Dizon tells DLSU students: Don’t be like Brice, Henry
Secretary Vince Dizon of the Department of Public Works and Highways (DPWH) on Thursday reminded students and graduates of his alma mater, De La Salle University (DLSU), not to follow in the footsteps of Henry Alcantara and Brice Hernandez, two of the DPWH engineers who were dismissed after being linked to massive corruption involving flood control projects.
Dizon made the call during the first DPWH “job fair” held at the university, which he considered as a way for the agency to attract young, reform-minded personnel.
Going in the ways of Alcantara and Hernandez will only land one in jail, he said.
‘Sorry, dean’
But when told by the audience that Hernandez actually graduated from DLSU, Dizon gasped and immediately apologized to the dean of the college of engineering, who was present at the program.
“Brice is from La Salle!? Oh my God. Sorry, dean, I’m very sorry,” he said. “I didn’t know Brice was from La Salle. Terrible.”
Hernandez, a former assistant district engineer of the DPWH-Bulacan First Engineering District, emerged as a key figure in last year’s congressional investigation of public works anomalies. The Commission on Audit also named him in its fraud audit reports on several projects that were traced to his office.
At one point, Hernandez admitted owning several luxury cars and was questioned how he could have possibly afforded them on a P70,000 monthly salary.
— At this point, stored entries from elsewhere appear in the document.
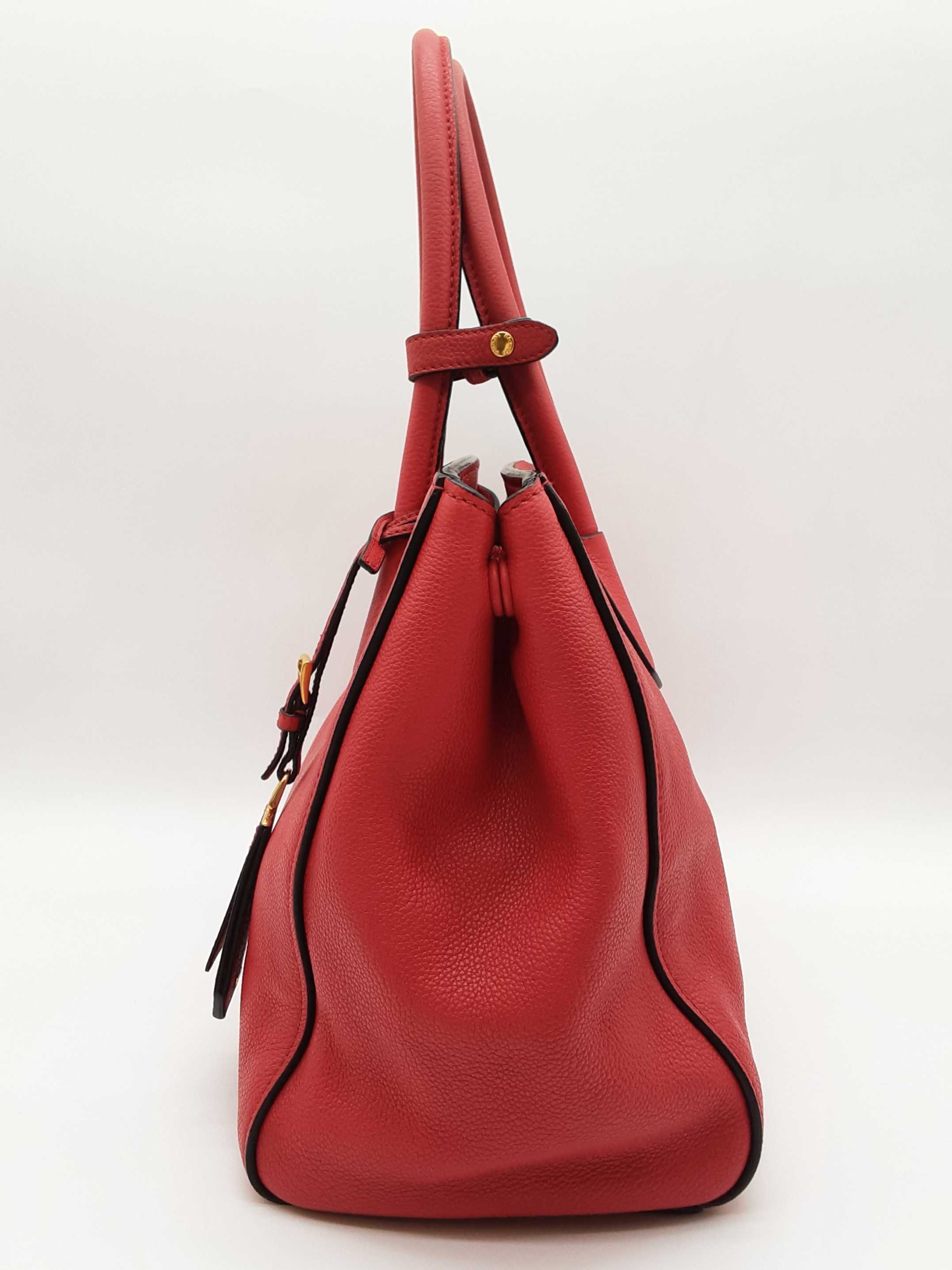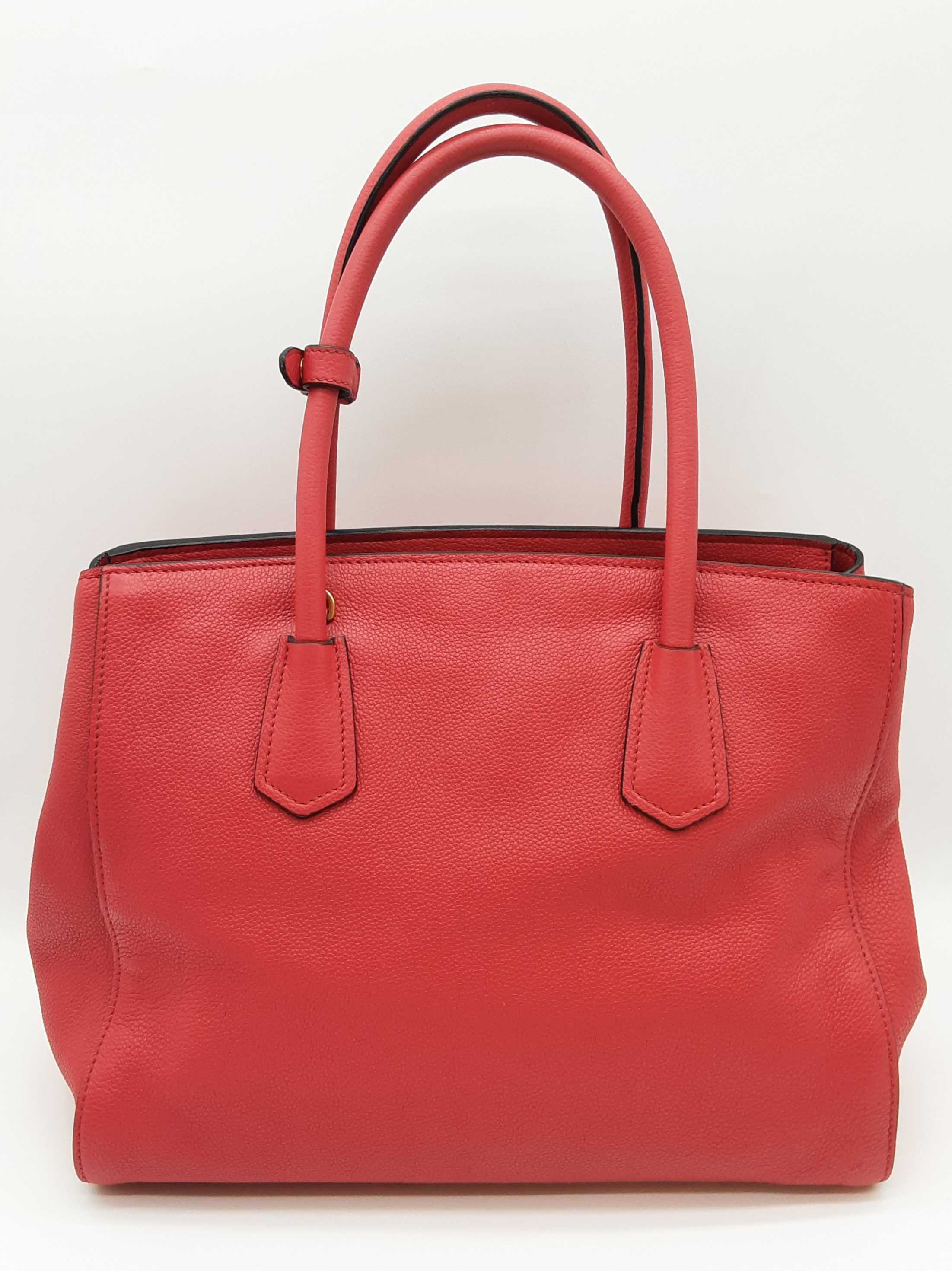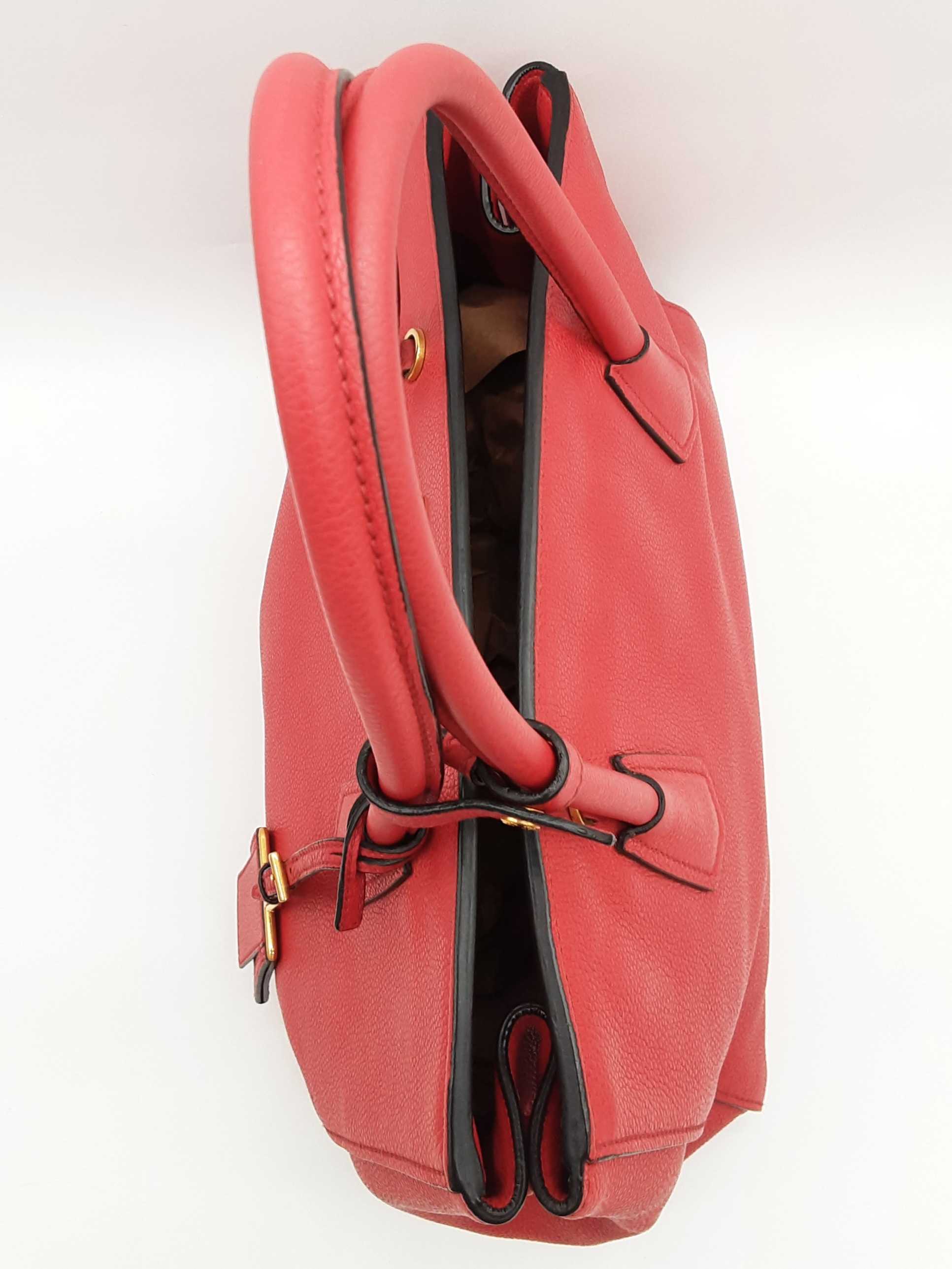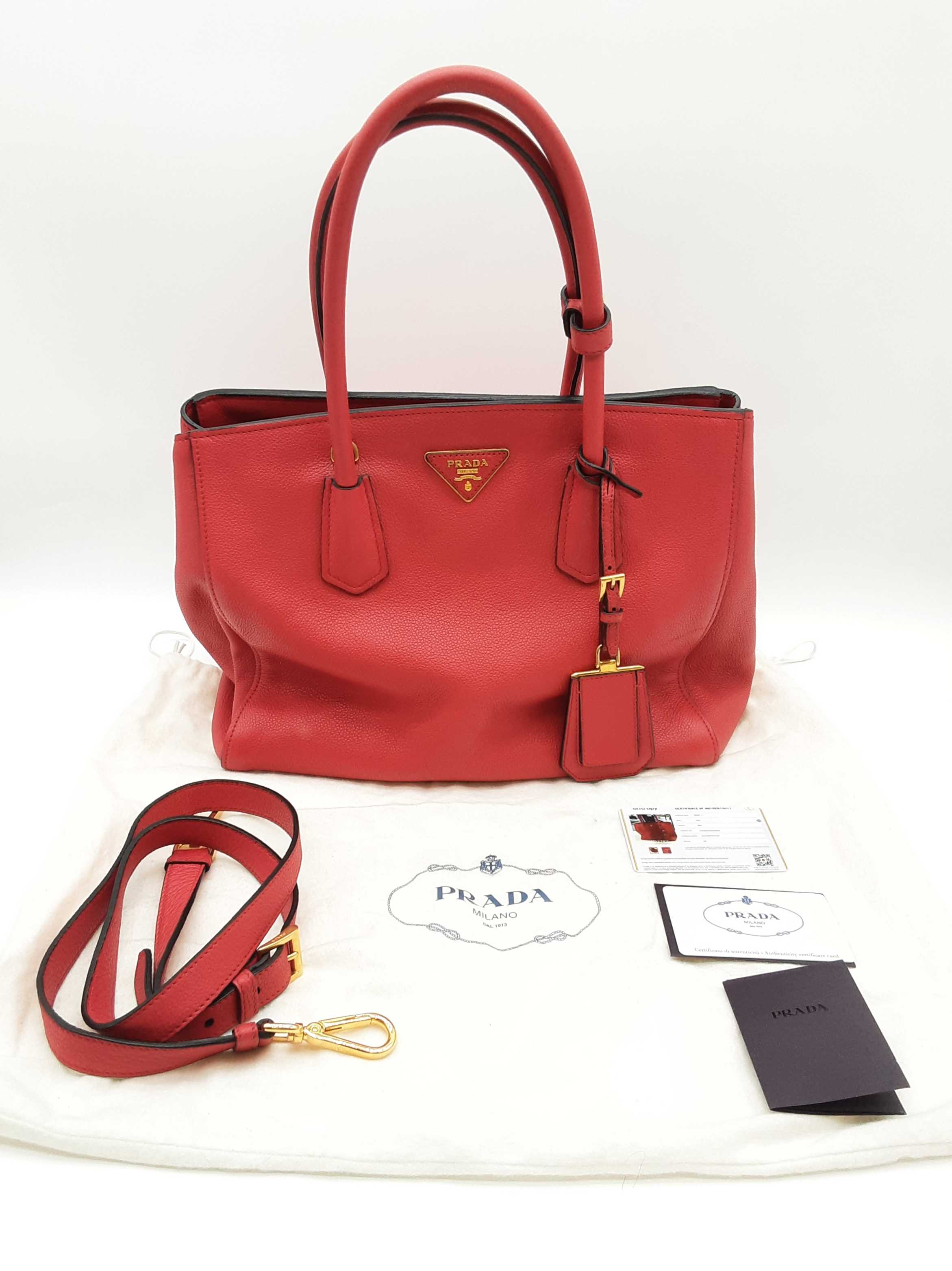 144020034281Prada 2 Way Red Vitello Daino Leather Tote Bag. Length 13 IN X Height 10 IN X Width 6 IN X Handle Drop 6.5 IN. Strap Drop 20 to 22 IN. Style #BN2829. Entrupy Certificate #H4D278Y. Pre-Owned - Good Condition with creases, bag misshappen, scratches and wear on metal hardware, and scratches on exterior.
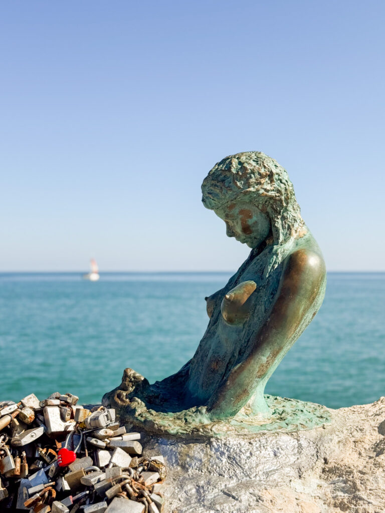 È qui, nel punto più estremo del molo di Levante che attende Penelope, scultura simbolo della città.
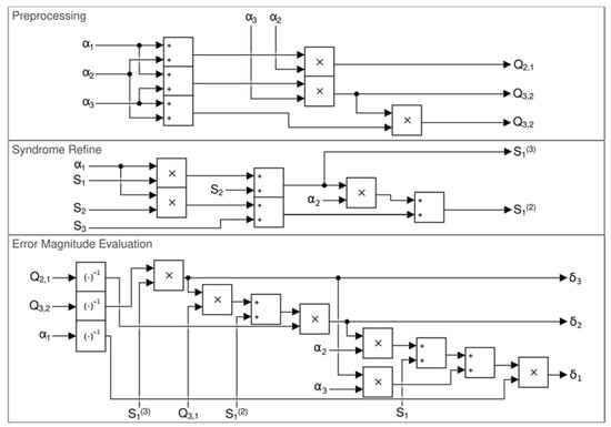 The method presented by Lu et al. [] performs error magnitude computation with less computational effort in respect to the Forney method, as shown in Table 1. It is composed by three main phases, each one performing different operations: preprocessing phase, syndrome refining phase, and error-magnitude extraction phase. In the preprocessing phase, partial results, and , are introduced for convenience, and are defined as follows:
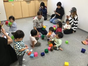 0~2歳のお子さんが7名、保護者の方と一緒に遊びに来てくれました!
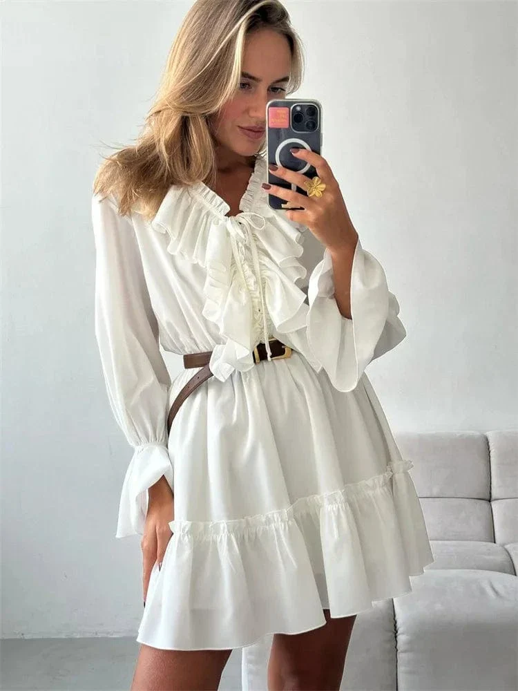Upplev den perfekta blandningen av romantik och avslappnad elegans med vår klänning med volanger. Med sina mjuka linjer, fladdrande tyg och feminina detaljer blir detta snabbt din nya favorit för både vardag och fest.
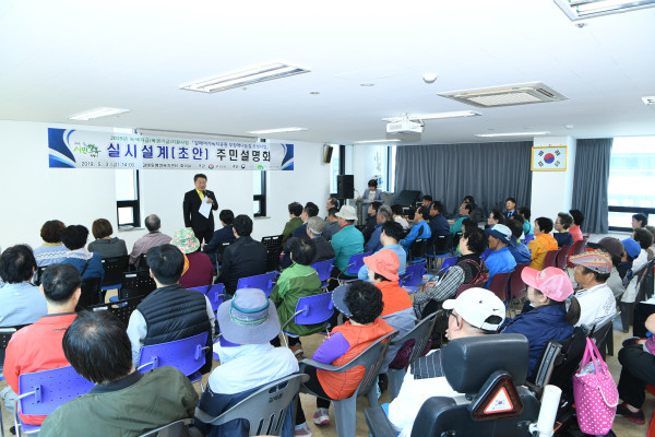 경기 구리시가 7일 갈매동행정복지센터 회의실에서 지역 주민과 장애인단체 관계자 120여명을 대상으로 갈매여가녹지공원 무장애 나눔길 조성 사업에 대한 실시 설계(초안) 주민설명회를 개최했다. 사진은 안승남 시장이 설명회를 진행하는 모습. (사진제공=구리시청)
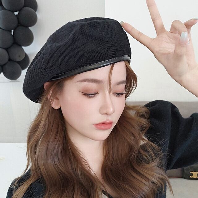 ベレー帽 レディース 帽子 通気性 かわいい おしゃれ トレンド カジュアル シンプル ブラック

He later turned over his luxury cars to the Independent Commission for Infrastructure “as a sign of good faith and his willingness to further cooperate with the Commission.”
Now detained at Quezon City Jail, Hernandez recently pleaded not guilty to the graft charges filed against him at the Sandiganbayan in connection with a P92.8-million flood control project in Bulacan.
Enthusiasm for reforms
At the job fair, Dizon said hiring fresh graduates would help the DPWH tap new talents and push internal reforms to curb corruption and improve its public image.
The fair mostly offered positions in engineering and accounting.
“It really says a lot about the social involvement of your generation that despite the bad things that happened this past year, in the past so many years where the DPWH is in the forefront of everything that is bad in government, you are still here,” Dizon said in a speech.
Asked to comment on the Philippines again dropping in the global rankings in the 2025 Corruption Perceptions Index, the secretary said President Marcos had ordered him to do the following:
“Keep making people accountable, jail those who deserve to be jailed, return stolen wealth, and continue implementing reforms.’’
“And this,” he said, referring to the recruitment drive. “Injecting new blood and a new breed of engineers and accountants into the DPWH is a huge part of it.”